M.Bianchi monument @ Belmonte Calabro

  • over 1 year ago
  • 675 VŪZ
  • 10
  • 9
  • Report

The monument to Michele Bianchi is a huge funeral monument, built in Belmonte Calabro, in the province of Cosenza, in the 1930s by the fascist regime in honor of the hierarch and quadrumvir of the March on Rome.

The monument was commissioned to the sculptor Ercole Drei by the secretariat of the party without competition, and the supervision of the construction was entrusted to Maria Elia De Seta Pignatelli, who had maintained a relationship with the deceased; Drei was assisted in the design by Eng. Giuseppe Crocetta of the Civil Engineers of Cosenza.

It consists of a tall column covered in travertine, inspired by Trajan's Column and surmounted by a very particular iron cross with four horizontal arms and its shape visible from all directions. Inside the entire shaft runs a spiral staircase that reaches the upper balcony, at the center of which is the aforementioned cross which, originally, when it was still illuminated, served as a lighthouse.

At the base of the column is the hierarch's burial chamber, furnished inside with pennants and bronze furnishings stolen as soon as fascism fell, today partly found and kept in the basements of the Belmonte Calabro Town Hall. Along the entire base of the monument there are friezes depicting the salient moments of the hierarch's life. A thick pine forest has been planted around the monument.

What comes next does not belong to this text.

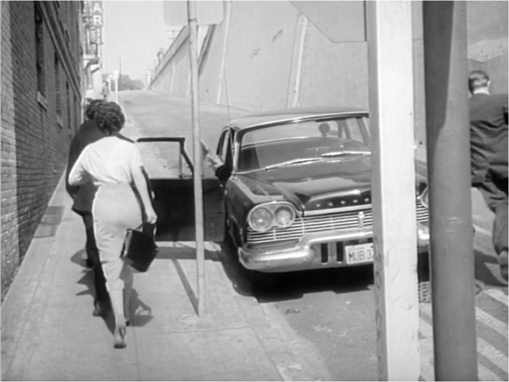 Looking up lower Hope Street from Third in Stakeout on Dope Street. The western end of the Third Street tunnel is to the right, out of frame.

The body of Michele Bianchi (who died in February 1930) was transferred here on 28 October 1932 (tenth anniversary of the March on Rome), in the presence of Emilio De Bono, Italo Balbo and Cesare Maria De Vecchi. On 30 March 1939 he was visited by the Duce himself, accompanied by Achille Starace and Giuseppe Bottai.

The hill, known as Bastia or Vastia, was formerly occupied by the tower of Bastia, a coastal lookout tower over the Tyrrhenian Sea.